-------- Data provided

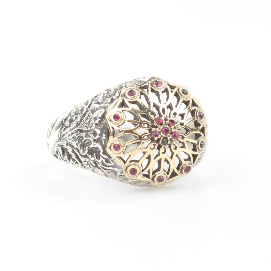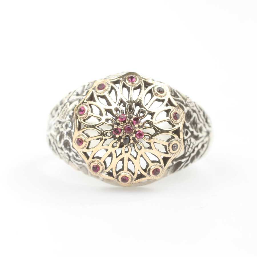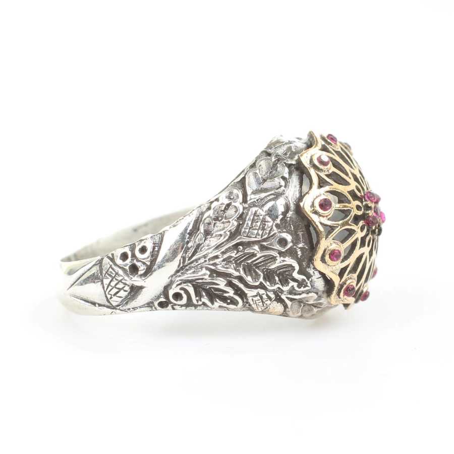 Yüzük 925 ayar gümüşten üretilmiştir. Antik tasarım yüzüğün üst kısmı 1,5 cm boyutlarındadır. Resimdeki yüzük 23 ölçüdür, ancak tüm ölçüler yapılabilmektedir. Antik gümüş yüzük kırmızı renk zirkon taşlıdır. Ağırlığı 6,27 gramdır.
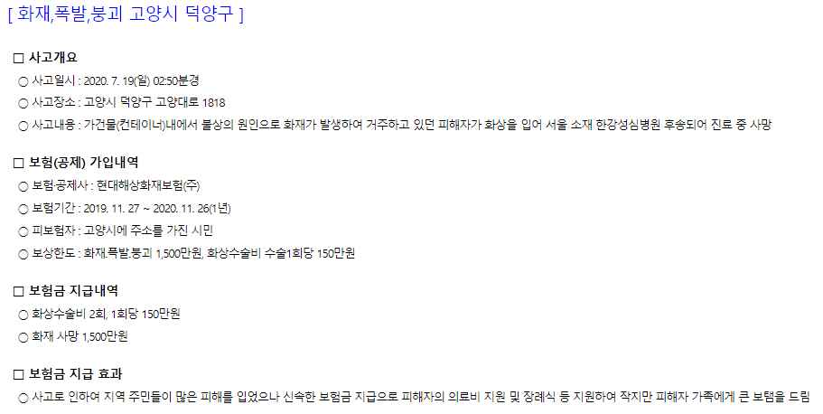 전국적으로 지금까지 안전사고가 나서 시민안전보험 보상사례에 대해서 알아보겠습니다.
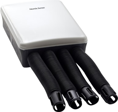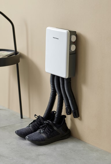 Håll dina skor torra tack vare väggmonterade Nordic Sense skotork 10687 som erbjuder en justerbar termostat, 2-timmars timer, sidokontrollpanel, fyra slangar och 350 W effekt. Ställ bara in temperaturen och tiden för att få dina skor perfekt torra och redo att bäras igen.
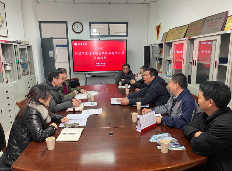 35日,汇通印刷包装机械有限公司总经理吴卫江一行来校洽谈合作交流,yl23411永利集团官网副书记、院长张福豹、yl23411永利集团官网副书记、副院长刘艳及相关人员参会。
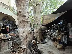 The site of the maristan today is occupied by a funduq (caravanserai-type building) which houses various shops. This building is located between Tala'a Kebira street and the Zawiya of Moulay Idris II. It opens onto a small public square on its west side, distinguished by the trees at its center, which was historically designated as the Souq el-Henna or henna market.[1][2][3][4]: 373–74
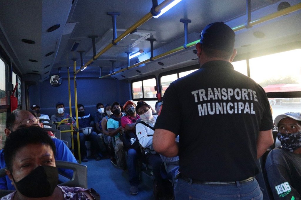Al respecto, los elementos de la Dirección General de Seguridad Pública, Policía Preventiva y Tránsito Municipal, informaron que los recorridos que se llevan a cabo sobre las unidades son aleatorios y se realizan en puntos estratégicos de todas las colonias de la entidad, dando las indicaciones correspondientes a la población e invitando a acatar los lineamientos que han dictado las autoridades del sector Salud; en ese sentido, se destaca que si alguien no cuenta con cubrebocas, se le proporciona uno para que pueda abordar.
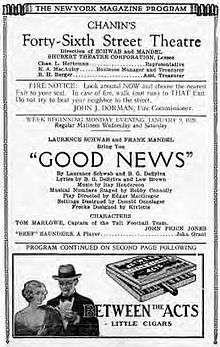 The original Broadway production, directed by Edgar MacGregor and choreographed by Bobby Connolly, opened on September 6, 1927 at The 46th Street Theatre, where it ran for 557 performances, which was a very successful run, as few Broadway shows had reached 500 performances since 1919's Irene. The cast included John Price Jones as Tom Marlowe, Mary Lawlor as Connie Lane, Gus Shy as Bobby Randall, Inez Courtney as Babe O'Day, and Zelma O'Neal as Flo. Donald Oenslager designed the production's sets. To emphasize the collegiate atmosphere, ushers wore jerseys, and George Olsen's band (featured as the "College Band") reached the orchestra pit by running down the aisles as they shouted college cheers.[2] University of Notre Dame football coach Knute Rockne received credit for "Advice in Football Technique".[3] The musical was set in what was then the present day, the Roaring Twenties, and, according to musical theatre historian Gerald Bordman, it was clearly a reflection of that era: "The decade's jazzy sounds, its assertive, explosive beat, its sophomoric high jinks were joyously mirrored..."[2] The plot hinged on a professor's unexpected generosity: Tom fails Professor Charles Kenyon's astronomy class, and, even though Connie tutors him, he still fails his makeup exam. Professor Kenyon gives him a passing grade, though, because he, unbeknownst to the students, is actually a football fan.
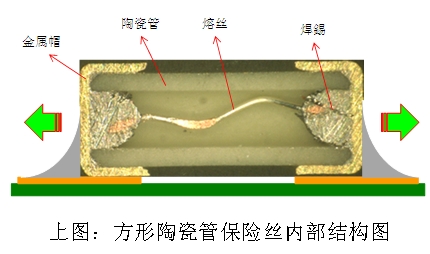 在市场上常见的2410尺寸125Vac或250Vac额定电压贴片保险丝, 多是应用传统方形陶瓷管技术。这一类型贴片保险丝的两端是采用金属帽直接套在方型陶瓷管上, 再以焊锡将金属帽与内部熔丝焊接在一起。一旦产品在高温的SMT产线上作业,连结两端金属帽与内部熔丝的焊锡极有可能会因高温而再次发生熔融情形, 进而导致金属帽脱落的风险。

----------------

▶ _Work task_
Copy nothing but the lines from the start of the entries through the line with "전국적으로 지금까지 안전사고가". Write them out exactly, without pictures.

▶ _Task answer_
 Yüzük 925 ayar gümüşten üretilmiştir. Antik tasarım yüzüğün üst kısmı 1,5 cm boyutlarındadır. Resimdeki yüzük 23 ölçüdür, ancak tüm ölçüler yapılabilmektedir. Antik gümüş yüzük kırmızı renk zirkon taşlıdır. Ağırlığı 6,27 gramdır.
 전국적으로 지금까지 안전사고가 나서 시민안전보험 보상사례에 대해서 알아보겠습니다.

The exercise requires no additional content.